- _GIVEN DATA_
= = = = =

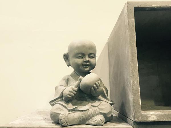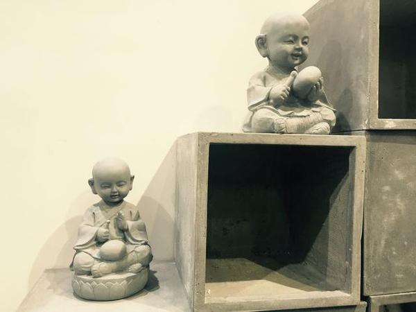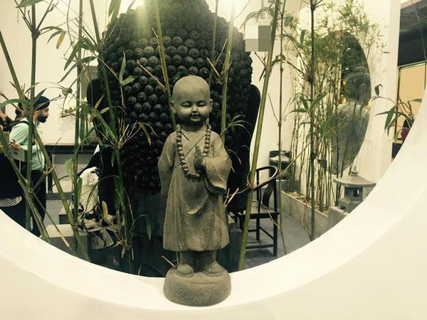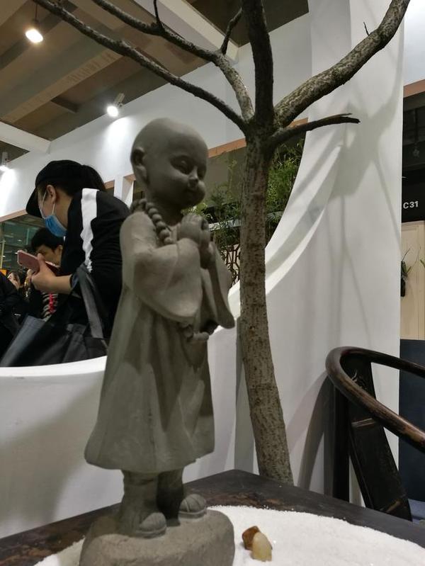 敲木魚的小僧童,造型是不是別有一番滋味。工作人員介紹,因水泥的可塑性,它可以任意制作出各色形狀。但根本上還是源于設(shè)計(jì)師的創(chuàng)作理念,這種僧侶類水泥工藝品目前在國內(nèi)還是少有。
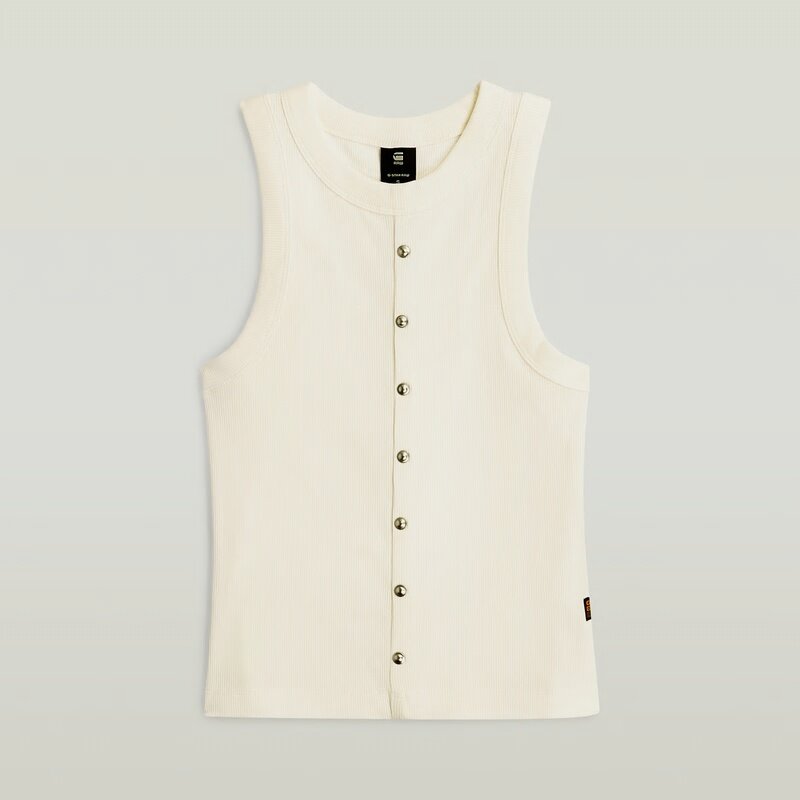 The Heritage Hardware Slim Tank features a sleek racerback design and a round neckline, offering a modern and streamlined look.
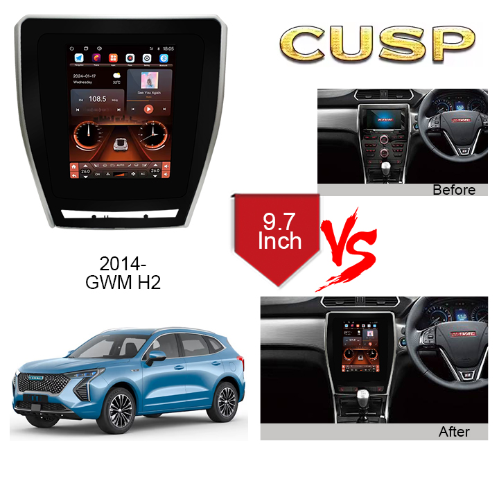GREAT WALL H2 2014- 9.7 Inch HD IPS Screen Android Car Stereo Radio GPS Navigation Multimedia Player Tesla Style Vertical Screen with Car Play Android Auto, Bluetooth,FM,AM, RDS, GPS, WIFI, DSP

= = = = =

Retype the listing above exactly, pictures excluded.

 敲木魚的小僧童,造型是不是別有一番滋味。工作人員介紹,因水泥的可塑性,它可以任意制作出各色形狀。但根本上還是源于設(shè)計(jì)師的創(chuàng)作理念,這種僧侶類水泥工藝品目前在國內(nèi)還是少有。
 The Heritage Hardware Slim Tank features a sleek racerback design and a round neckline, offering a modern and streamlined look.
GREAT WALL H2 2014- 9.7 Inch HD IPS Screen Android Car Stereo Radio GPS Navigation Multimedia Player Tesla Style Vertical Screen with Car Play Android Auto, Bluetooth,FM,AM, RDS, GPS, WIFI, DSP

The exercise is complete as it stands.